#### PROBLEM DETAILS
The exercise calls for exact output of the lines between the one that contains "Там показывает текущие" and the end of the data, with both ends kept and pictures left out.

━━━━━━━━

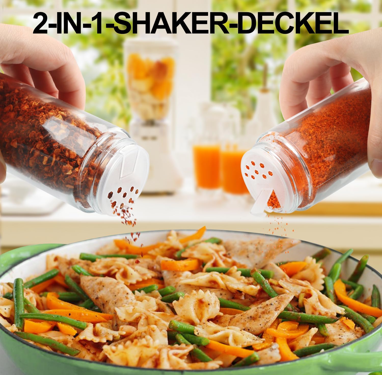 - 【2-In-1 Shaker Lids】Our spice jar set has a special 2-in-1 shaker lid for jars with 2 kinds of sprinkle ports,and on one side and sprinkling powdered spices on the other. The thoughtful opening is designed to meet your daily use needs without changing the lids.In addition,the outer sealed bamboo lid keeps the spices fresh and dry.
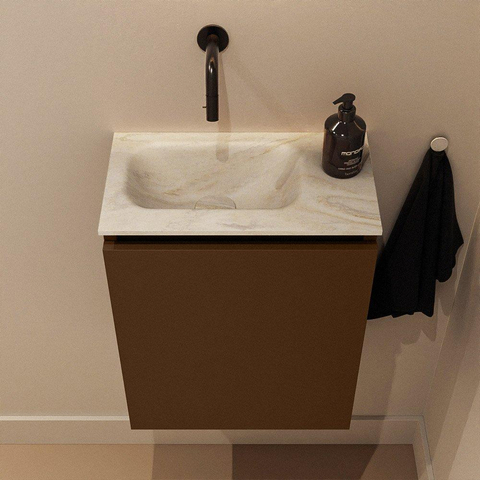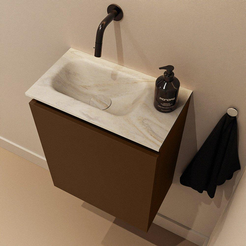 MONDIAZ TURE-DLUX Meuble de toilettes 40 cm Rust. EDEN lavabo Ostra position gauche. Sans trou de robinet.
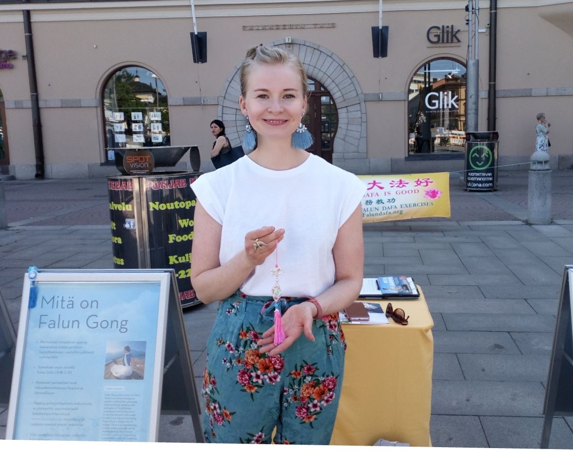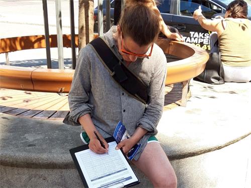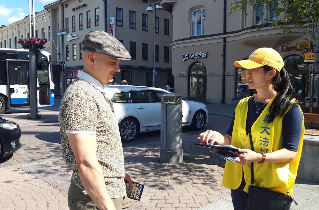 卡罗利纳(Karoliina)跟男朋友路过广场时,跟学员聊了起来。她的男友说自己的朋友去过中国,亲身感受到中国人的言论不自由。朋友也提过法轮功被残酷迫害的事实,在中国,人们不能在公开场合提到法轮功。
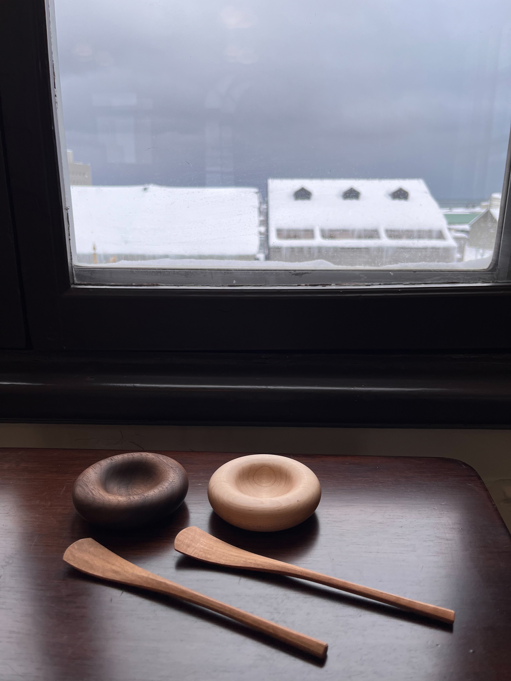 Der Showroom in Otaru präsentiert viele Produkte, mit denen Sie diese natürliche Wärme spüren können. Die Holzschalen von „Sonobe Sangyo“ sind Meisterwerke, die von Handwerkern in ihrer Fabrik in Odawara, Präfektur Kanagawa, sorgfältig fertiggestellt werden — von der Holzauswahl und Formgebung bis hin zur Beschichtung. Die glatte Textur, die dazu einlädt, sie immer wieder zu berühren, und die charmante, abgerundete Form sorgen für Seelenfrieden. Diese Schalen machen den Esstisch zu einem reicheren und angenehmeren Ort. Dank der Urethan-Beschichtung können sie bedenkenlos im Alltag verwendet und mit einem Schwamm und Geschirrspülmittel gereinigt werden. Da Farbe, Maserung und Härte je nach Holzart variieren, bekommt man leicht Lust, verschiedene Varianten zu sammeln. Wir führen auch die massiven „Pomme“-Schalen, die ein beachtliches, natürliches Gewicht haben und auf westlich gedeckten Tischen wunderbar aussehen.
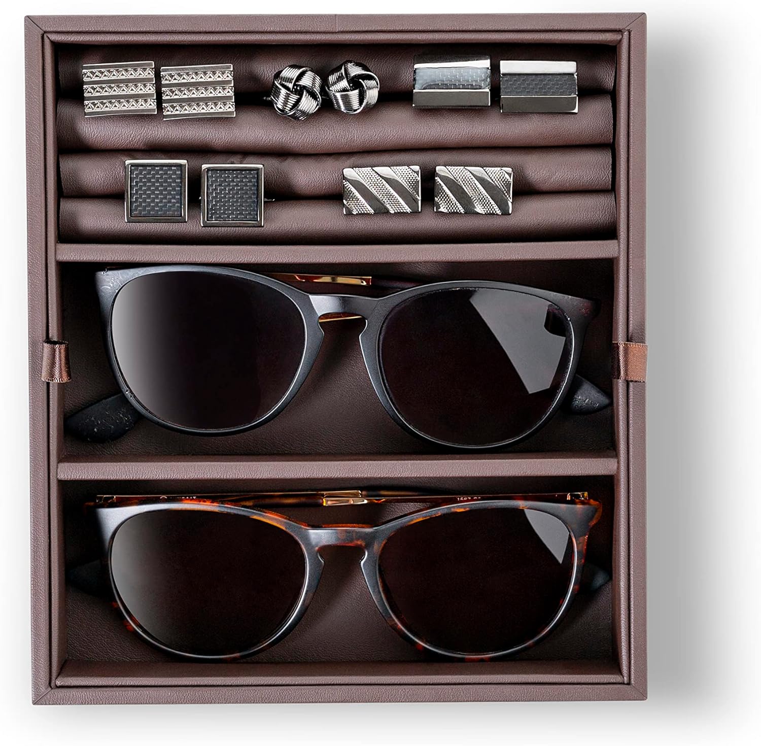 Be the first to review “Valet Jewelry Box for Men – Holds 6 Watches, 12 cufflinks, 2 Sunglasses & Tray Storage – Mens Watch Case – Organizer w Metal Accents, PU Leather & Large Glass Lid – Brown”
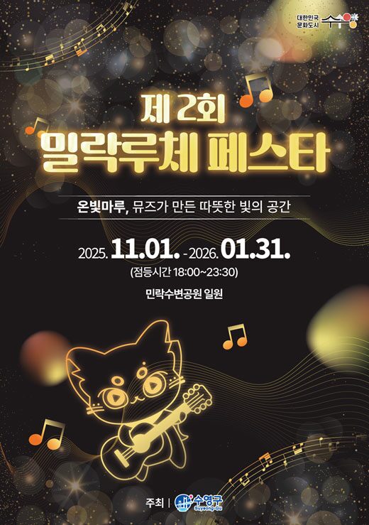 2nd Millak Luce Festaは、「Onbit Maru(オンビッマル)」をテーマに開催される冬のライトフェスティバル。温かく多彩な光が集う空間をコンセプトに、民락水辺公園の海沿いエリアが光とメディアアートで彩られる。光の演出、メディアアート作品、体験型コンテンツなどが展開され、夜の海と調和した幻想的な景観が広がるイベントとして実施される。
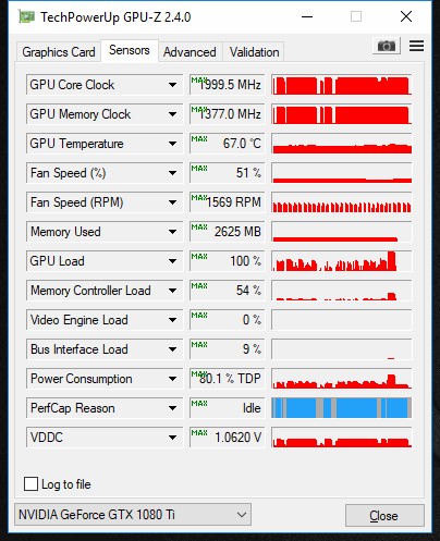 Там показывает текущие показатели, а необходимо чтобы отобразились максимальные . Нужно нажать на значение, чтобы появилась зеленая надпись max. Интересуют строчки(GPU Core Clock, GPU Memory Clock, GPU Temperature, Fan Speed, Power Consumption и VDDC). Хотя бы в 3DMark Time Spy прогони, но было бы не плохо если бы в Battlefield 1 или в чем нибудь требовательном глянуть.
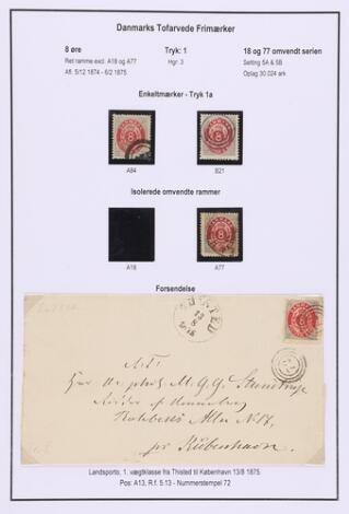 Danmark. Tofarvet 8 øre. Specialsamling med mange mærker opsat efter tryk i indstiksbøger og ringbind med mange fundne isolerede rammer, mange PERLEFEJL, set

━━━━━━━━

#### RESULT OF THE EXERCISE
 Там показывает текущие показатели, а необходимо чтобы отобразились максимальные . Нужно нажать на значение, чтобы появилась зеленая надпись max. Интересуют строчки(GPU Core Clock, GPU Memory Clock, GPU Temperature, Fan Speed, Power Consumption и VDDC). Хотя бы в 3DMark Time Spy прогони, но было бы не плохо если бы в Battlefield 1 или в чем нибудь требовательном глянуть.
 Danmark. Tofarvet 8 øre. Specialsamling med mange mærker opsat efter tryk i indstiksbøger og ringbind med mange fundne isolerede rammer, mange PERLEFEJL, set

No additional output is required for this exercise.